Weeknotes 13

  • A day in the life of a satellite dish
  • I am ashamed to say, but this silly little gif took a LOT more time and effort than I intended it to.
    It just became one of those rabbit hole time sinks where I just wanted to get it done to see if it was worth the work it was taking.
    Answer.
    No, it wasn’t.

    In short, I tried a few different ways to make the time lapse, and just failed at every turn.
    Gave up in the end and just compressed the time of the video camera recording then used ffmpeg to convert it to a gif.
    Cat at the base of the dish in the morning, cat (different one) along the fence in the evening… They cats like to drink and hunt birds at the fishpond. Don’t get me started.
    I guess the take away from this gif is that the dish really does not move that much, but the tracking is so critical.
    It’s all of a bit of a let down really.

  • Chrome.exe
  • The computer kept crashing – well, to be accurate, Node-RED kept crashing, so we went to the Node-RED forums and they gave me some key words to Google.
    Turns out what I needed in the code was a thing called a ‘try catch’.
    The code tries something, and if it works, fine, if it fails, then the catch catches the fail code and handles it rather than letting wreak havoc on the system.
    Fun and game then with me trying to figure out where to put a try catch in the Puppeteer (headless Chromium), but with a little forum help, we got there.
    So far, Node-RED has been up 3 days straight. Pretty sure that’s a record.
    Can we close the book on this one? Duno. Hope so.
    It would be nice to back to the 3-4 time a month forced Microsoft reboots.

  • NanoVNA
  • I (apparently) am hard to buy Fathers Day presents for.
    So, I bought myself a Vector Network Analyzer. Been wanting one for a while and wish I had pushed the ‘Buy Now’ button a while ago, but eh. Little did I know.
    It arrived on the weekend, so of course, I tested every antenna I have.

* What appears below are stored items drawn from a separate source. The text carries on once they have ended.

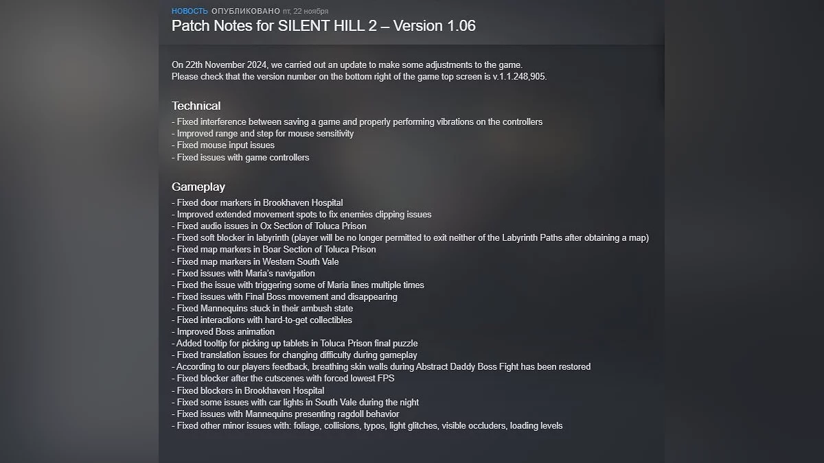 Окрім іншого, у ремейку Silent Hill 2 виправили чергову порцію багів, таких як навігація Марії, підрахунок трофеїв, експлойт у Лабіринті та зникнення фінального боса, а також усунули проблеми з графікою на PlayStation 5 Pro.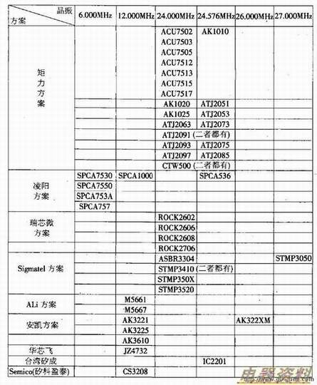 笔者整理的MP3不同方案所采用的晶振型号,见附表。U盘所用的一般都是6MHz(居多)、12MHz和24MHz,其中12MHz的最多。比如:114使用12.000MHz;CBM2090使用12.000MHz;AU9380使用12.O00MHz等等。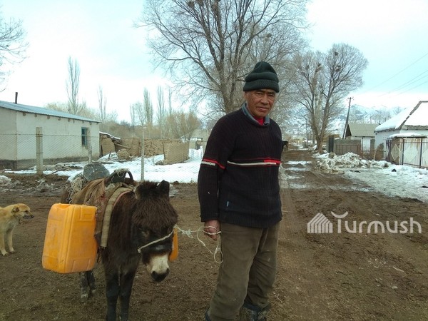 Жизнь в регионах: Б.Калчаев в зимнюю стужу и осеннюю слякоть проходит 600 метров и привозит воду на единственном осле для бани, где моются жители всего села Кара-Чий (фото, видео)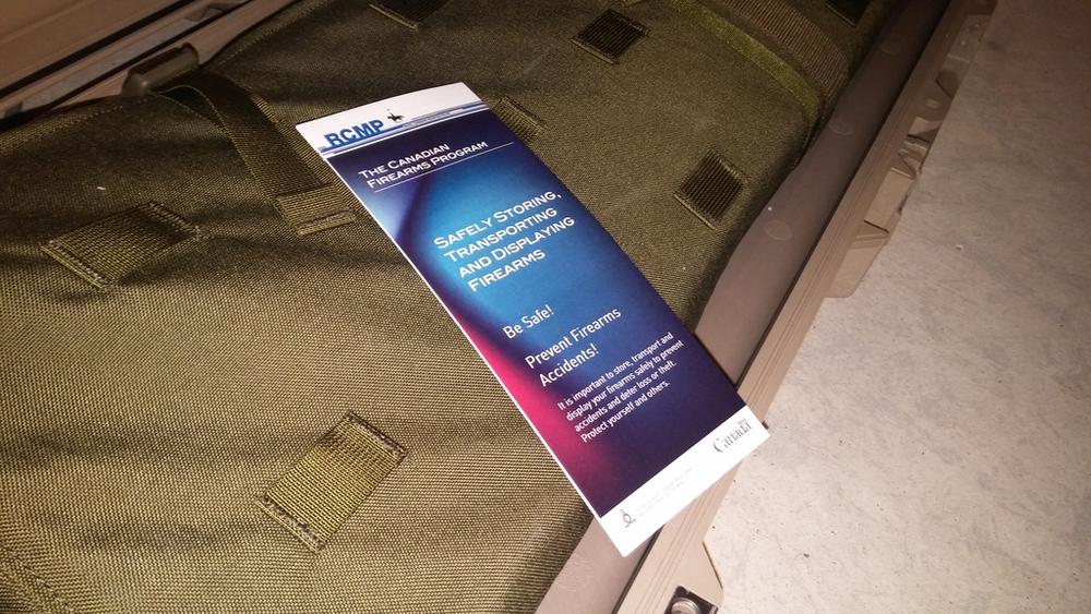 AND the next time you visit your local gun shop, snag a few of these RCMP handout/brochures for your hard case/restricted transport....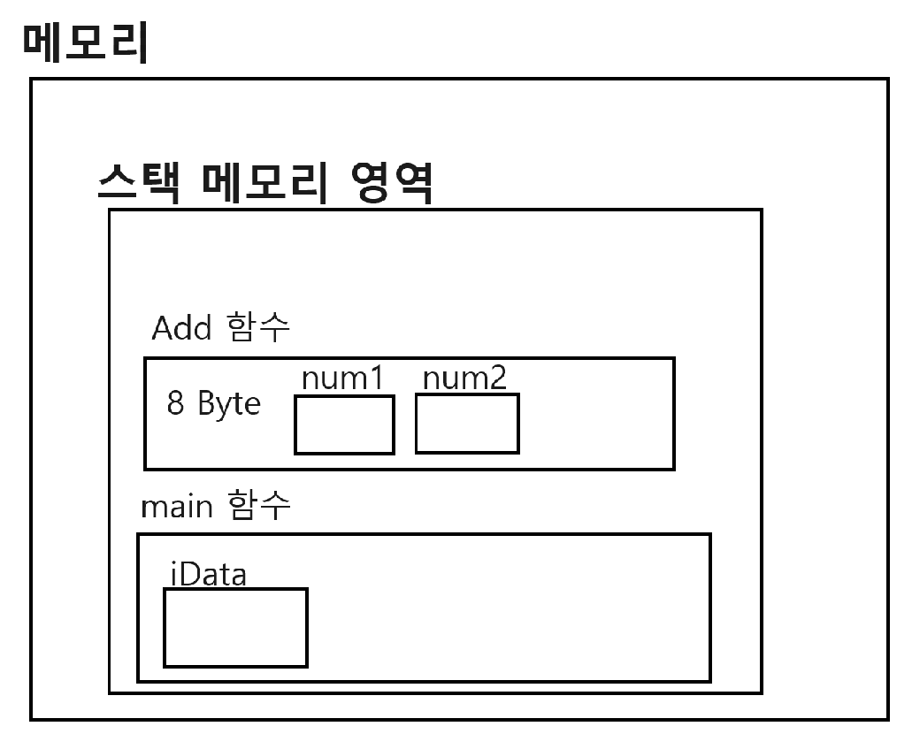 Add 함수는 호출되는 순간, 스택 메모리 영역에 할당되고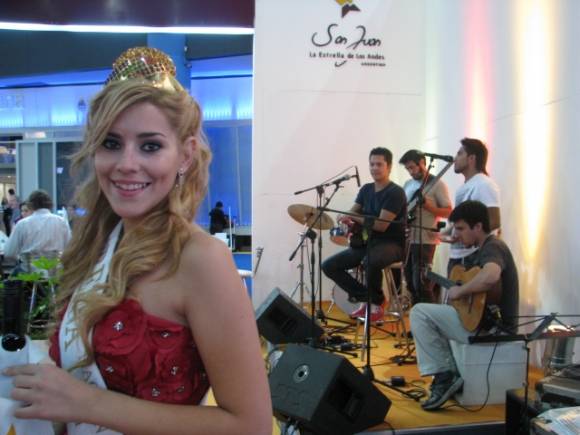 Hasta ayer estuvo abierto al público el stand de San Juan en la FIT (Feria Internacional del Turismo), que se realizará hasta mañana inclusive en el predio de La Rural, en Buenos Aires. Miles de personas visitaron la feria y pasaron por el espacio sanjuanino, donde hubo nuevamente (como en los años anteriores) muchos atractivos. Entre ellos, shows en vivo, degustaciones de productos típicos y sorteos de ponchos, estadías en destinos turísticos de la provincia, vinos, remeras y merchandising. El actor Pepe Monje participó en la locución de estos sorteos, que resultaron muy convocantes. La Reina del Sol (foto abajo) entregó los premios a los ganadores de los sorteos y también estuvo el ministro de Turismo sanjuanino, Dante Elizondo, junto a su par de la Nación, Enrique Meyer. Y el “gancho” por excelencia fue la representación, a escala, de la ruta en la cordillera que sigue cada año el Cruce Sanmartiniano (foto arriba).

    I got the slightly upgraded one with the metal body as it has better shielding and goes to a higher frequency which I needed for my satellite stuff.
    In short, its a sweep transmitter that you can set the upper and lower frequencies for, it sends a very low power continuous carrier over that range and looks for the reflection.
    So you can measure the loss of coax, the length of a cable, the SWR or tuning of an antenna.
    The really cool thing is that its all live… As you touch the antenna, the display is reacting in real time.

    So yeah, I tweaked everything for a better match and sleep much better at night.
    Happy early Fathers Day to me. (Freddy and the kids are thrilled that they don’t have to think of anything to get me… but really, was a NanoVNA that hard to come up with? I mean, come on.. pretty obvious if you ask me).